* Activity
Copy all the records word for word, apart from any pictures.

* Excerpts from a dataset
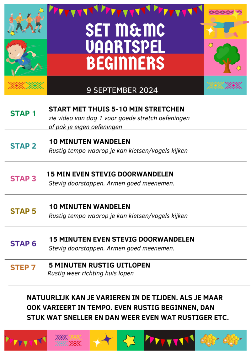 Eigenlijk komt het er op neer dat je gaat wandelen vandaag en dat je gaat variëren in tempo. Begin thuis met een leuke stretch oefening zoals deze:
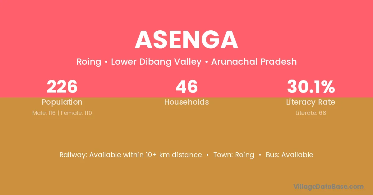 Asenga village has a total population of 226 people, of which 116 are males and 110 are females.
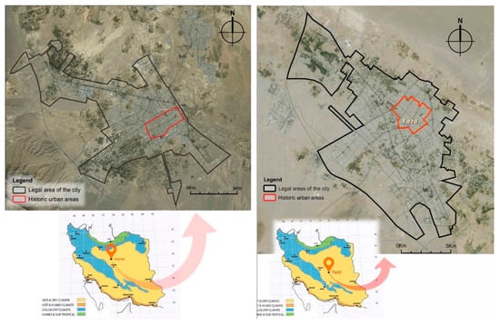Historic urban areas within the contemporary city of Kashan (left) and Yazd (right) [31].
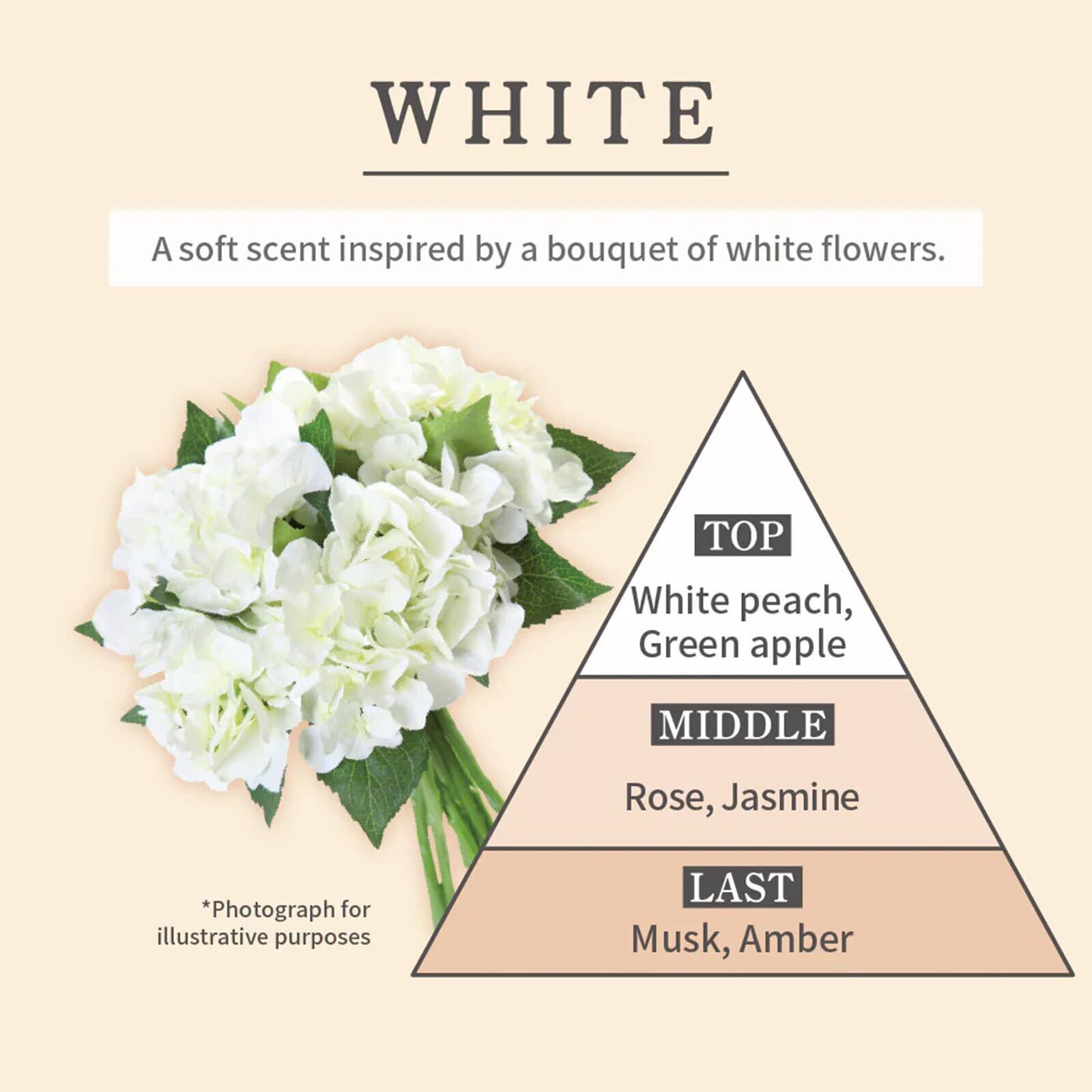 ロールオンタイプで携帯に便利なオードトワレです。少量でもしっかり香ります。ホワイトピーチ、グリーンアップル/ローズ、ジャスミン/ムスク、アンバー。白い花束をイメージした柔らかい香り。
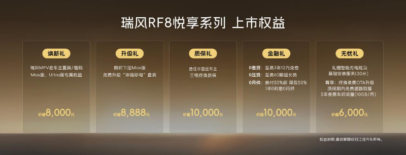 此次上市的瑞风RF8悦享系列共推出三个版本:悦享Pro版限时抢购价17.69万元,悦享Max版限时抢购价21.19万元,悦享Ultra版限时抢购价22.69万元。同时,瑞风为首批用户准备了至高价值70888元的7重尊享购车大礼,并为老车主提供免费升级原厂车钥匙或HiCar智慧车生活、1666元升级原厂NVH静音包的双重专属感恩权益。
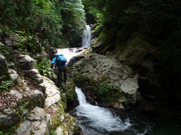 元越谷は神戸・大阪からもアクセスが良く、コンパクトな沢の中に美しいナメ、エメラルドグリーンの釜、ミニゴルジュ、小滝があり登り・泳ぎ・へつりが楽しめ沢の醍醐味が詰まっています。今回は仙ノ谷の分岐から少し進んだところ沢が細くなる前に引き返し、仙ノ谷から林道に上がりました。
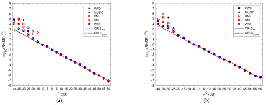 The RMSE of an individual technique over 100 Monte Carlo samples for different noise variances is shown in Figure 3. Moreover, Figure 3 shows the theoretical CRLB performance for the deterministic and stochastic cases. For one signal scenario, it can be observed that both techniques have almost the same performance. The RMSE of the techniques adheres to the CRLB when The elevation angle estimation has a smaller RMSE, just as in the CRLB prediction.
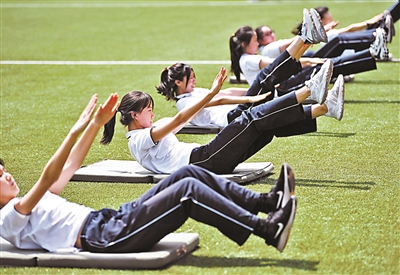 仰臥起坐,慢跑、拋擲實心球、排球……昨天上午10時35分,北京市第十八中學(xué)初三(8)班同學(xué)們的體育課開始了。3位體育老師帶著同學(xué)們在操場上進行體育鍛煉。據(jù)悉,下月中旬,本市初三的學(xué)子們將迎來中考體育考試。與往年不同,今年北京中考體育考試在考試時間上調(diào)整為6月10日開始、7月1日前完成。在組織形式上改為隨堂考試。
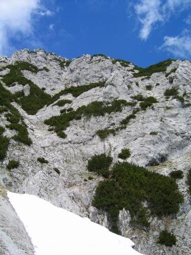 Vorbei an den felsigen Aufschwüngen auf den Winterstein - Schneefelder, wie im Bild, sind aber schon sehr rar auf der Südseite ...
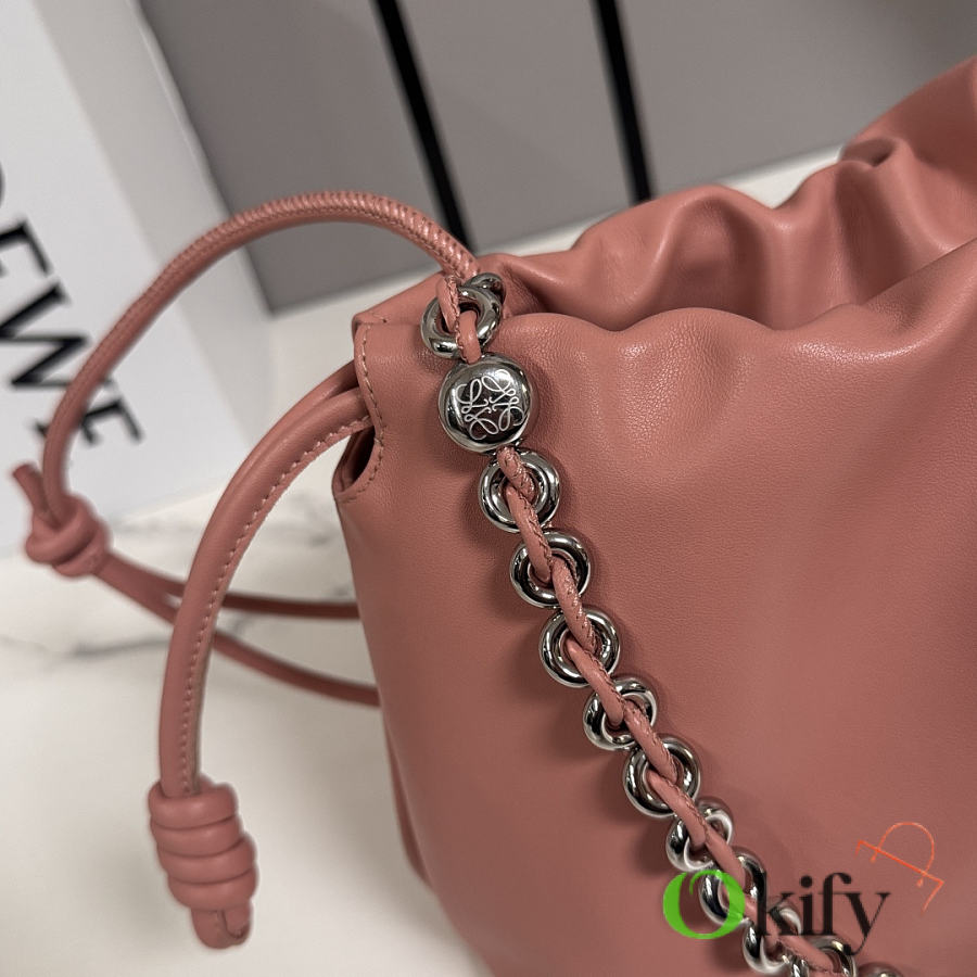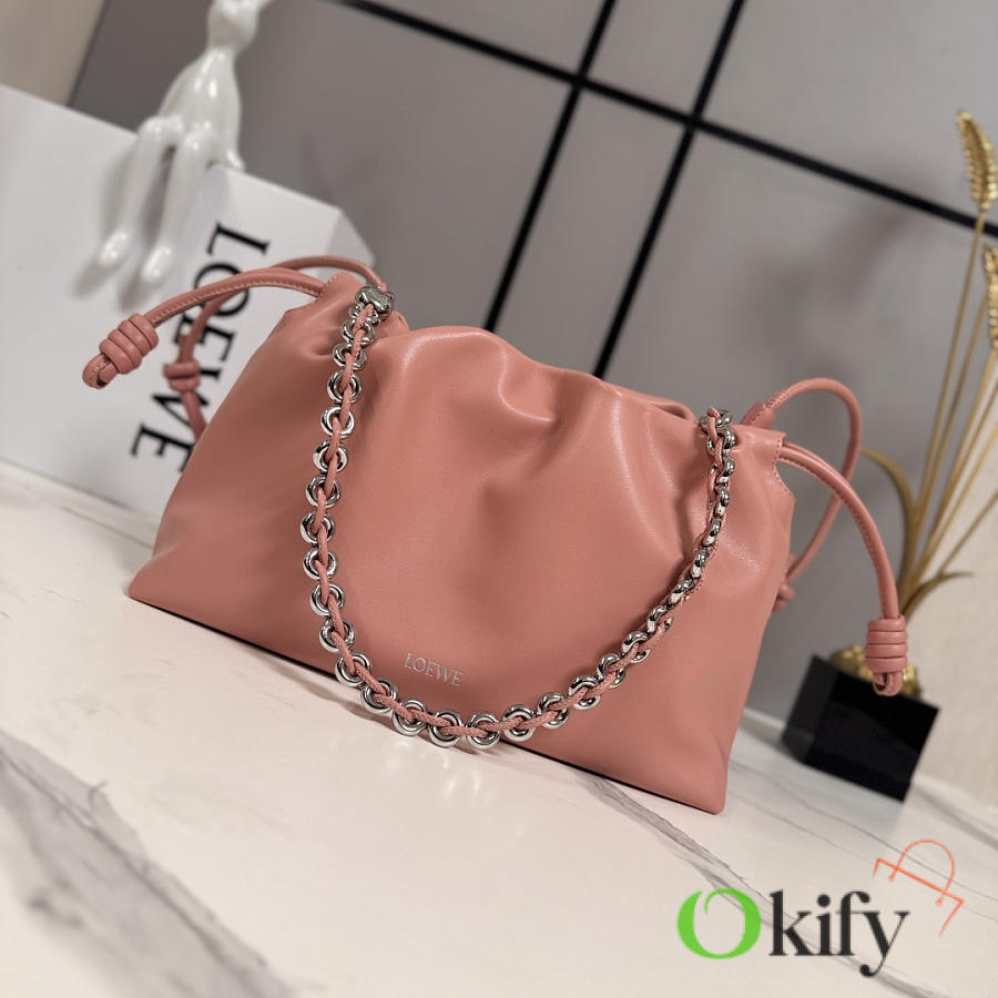 The Soft Nappa Lamb Leather Flamenco Purse Goodie Bag features a pleated design and key details such as the signature rope knot on the side. Stylish and versatile, it can be carried as a clutch, over the shoulder with the donut chain, or crossbody with the leather shoulder strap. This version is crafted from soft Nappa lamb leather. Subtle magnetic closure* Suede lining with gold or silver foil stamping* (Matching metal chain extended leather shoulder strap) Model: 012403

* Written solution
 Eigenlijk komt het er op neer dat je gaat wandelen vandaag en dat je gaat variëren in tempo. Begin thuis met een leuke stretch oefening zoals deze:
 Asenga village has a total population of 226 people, of which 116 are males and 110 are females.
Historic urban areas within the contemporary city of Kashan (left) and Yazd (right) [31].
 ロールオンタイプで携帯に便利なオードトワレです。少量でもしっかり香ります。ホワイトピーチ、グリーンアップル/ローズ、ジャスミン/ムスク、アンバー。白い花束をイメージした柔らかい香り。
 此次上市的瑞风RF8悦享系列共推出三个版本:悦享Pro版限时抢购价17.69万元,悦享Max版限时抢购价21.19万元,悦享Ultra版限时抢购价22.69万元。同时,瑞风为首批用户准备了至高价值70888元的7重尊享购车大礼,并为老车主提供免费升级原厂车钥匙或HiCar智慧车生活、1666元升级原厂NVH静音包的双重专属感恩权益。
 元越谷は神戸・大阪からもアクセスが良く、コンパクトな沢の中に美しいナメ、エメラルドグリーンの釜、ミニゴルジュ、小滝があり登り・泳ぎ・へつりが楽しめ沢の醍醐味が詰まっています。今回は仙ノ谷の分岐から少し進んだところ沢が細くなる前に引き返し、仙ノ谷から林道に上がりました。
 The RMSE of an individual technique over 100 Monte Carlo samples for different noise variances is shown in Figure 3. Moreover, Figure 3 shows the theoretical CRLB performance for the deterministic and stochastic cases. For one signal scenario, it can be observed that both techniques have almost the same performance. The RMSE of the techniques adheres to the CRLB when The elevation angle estimation has a smaller RMSE, just as in the CRLB prediction.
 仰臥起坐,慢跑、拋擲實心球、排球……昨天上午10時35分,北京市第十八中學(xué)初三(8)班同學(xué)們的體育課開始了。3位體育老師帶著同學(xué)們在操場上進行體育鍛煉。據(jù)悉,下月中旬,本市初三的學(xué)子們將迎來中考體育考試。與往年不同,今年北京中考體育考試在考試時間上調(diào)整為6月10日開始、7月1日前完成。在組織形式上改為隨堂考試。
 Vorbei an den felsigen Aufschwüngen auf den Winterstein - Schneefelder, wie im Bild, sind aber schon sehr rar auf der Südseite ...
 The Soft Nappa Lamb Leather Flamenco Purse Goodie Bag features a pleated design and key details such as the signature rope knot on the side. Stylish and versatile, it can be carried as a clutch, over the shoulder with the donut chain, or crossbody with the leather shoulder strap. This version is crafted from soft Nappa lamb leather. Subtle magnetic closure* Suede lining with gold or silver foil stamping* (Matching metal chain extended leather shoulder strap) Model: 012403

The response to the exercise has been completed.